Users can create bot accounts for automated tasks, but bots pay 50% of the human reward rate to consume content, preventing AI-driven engagement farming.

Pseudonymous Alt Accounts

A single KYC-verified human can register up to 4 accounts (one primary plus three alts). Alt relationships are never exposed publicly — others see them as independent profiles. This lets users separate work, personal, and creative identities without creating bot farms: the underlying nullifier is still unique per human.

Privacy-Tiered Polls

Polls are first-class on Chain Social: anyone can run them — for the whole platform, a community, or a subscriber audience — and creators choose how much privacy each poll guarantees:

Three properties make poll results trustworthy without exposing voters:

  1. One human, one vote. A per-poll nullifier tag is derived deterministically from the voter’s KYC secret. Even if a person owns four alt accounts, all four produce the same tag for a given poll — so the vote counts once, regardless of which alt they signed with. The tag itself reveals nothing about the human or about other polls they entered.
  2. Per-alt selective disclosure. A voter can optionally have each of their alts sign their ballot. The vote still counts only once. Later, the voter can publicly release any specific alt’s signature — proving “this account voted this way” — without touching the others. This lets users prove their position selectively, after the fact, on the accounts they choose, while nobody else can correlate alts.
  3. Attribute-based breakdowns without tracking. Poll creators can request anonymous breakdowns by attributes the platform already knows: country (from KYC document), verification badges (NFC passport, Identity Confirmed), community/group membership, account age. Voters’ clients attach attestor-signed claims to their ballots, so the server can publish, for example, “65% of NFC-passport voters in Germany chose option B” without ever linking individual voters to choices. Buckets with fewer than 5 voters automatically merge into “Other” so small groups stay anonymous.

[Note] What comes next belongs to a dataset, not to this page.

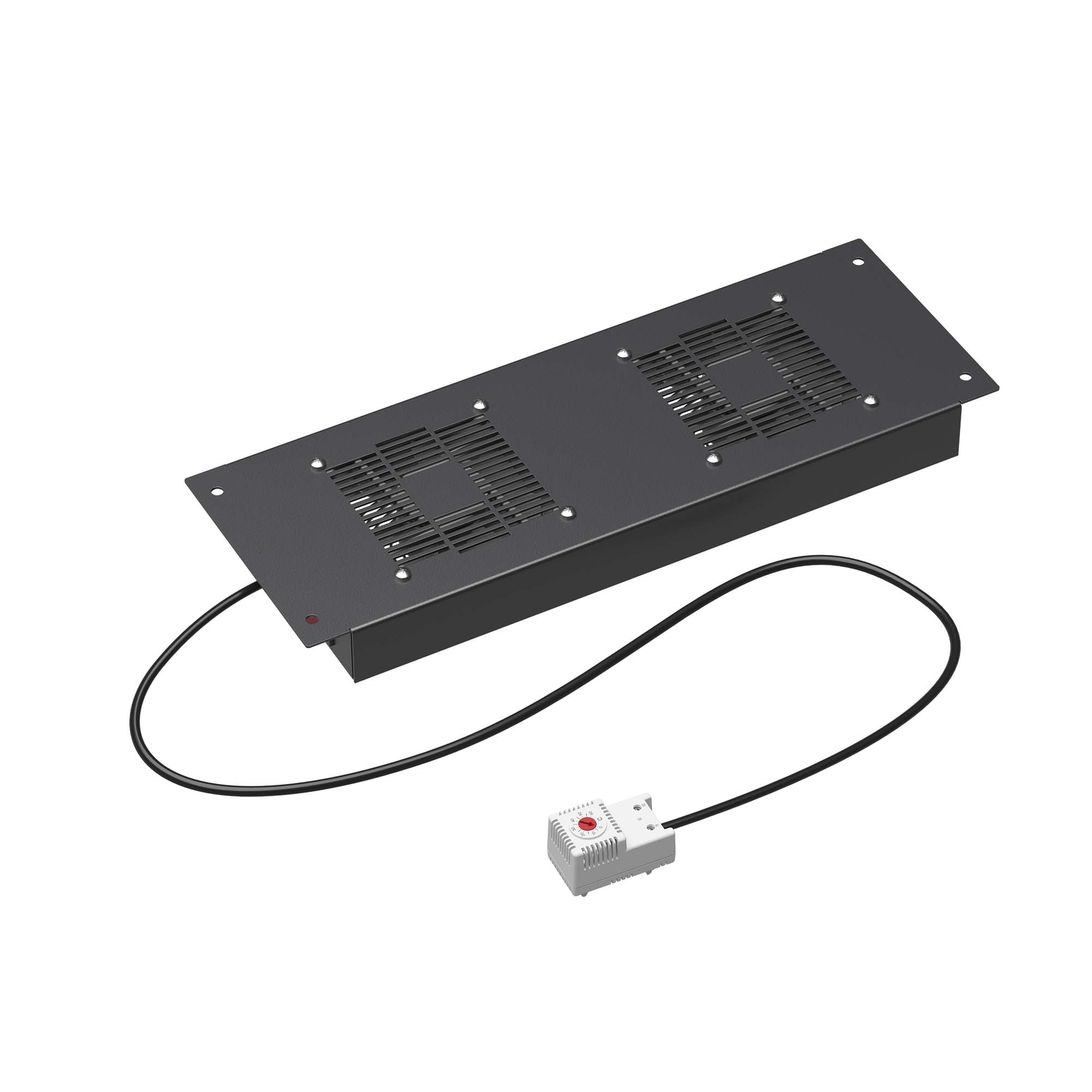DKC вентмодуль 2 вентилятора с термостатом, черный. Ставил в серверный шкаф, подключил питание, настроил срабатывание по температуре. Работает тихо, отводит тепло.

Finalization writes the poll’s Merkle root and per-option counts on-chain via the poll contract, anchored by the management team. Anyone can verify that their commitment was included in the final tally.

This same machinery lets businesses, communities, and creators run private feedback votes, rough-consensus polls inside paid subscriptions, or formal community decisions — without leaking the voter set or their choices.

Content Moderation

Any user can flag content for review. Flags accumulate into a moderation queue that the management team and community moderators (in communities they govern) can act on, hiding or unhiding content. Every moderation action is logged for auditability — moderation is accountable, not hidden.

Decentralized Infrastructure Pools

Anyone with hardware and the minimum TOKEN stake (slashable for misbehavior) can register as an infrastructure operator and run nodes that serve the platform: indexers, settlement workers, content delivery, search. Each piece of infrastructure has its own pool: operators meter their work and are paid per metered unit in micropayments, settled on-chain each cycle with a Merkle root. This makes the backend community-runnable rather than dependent on a single hosted server.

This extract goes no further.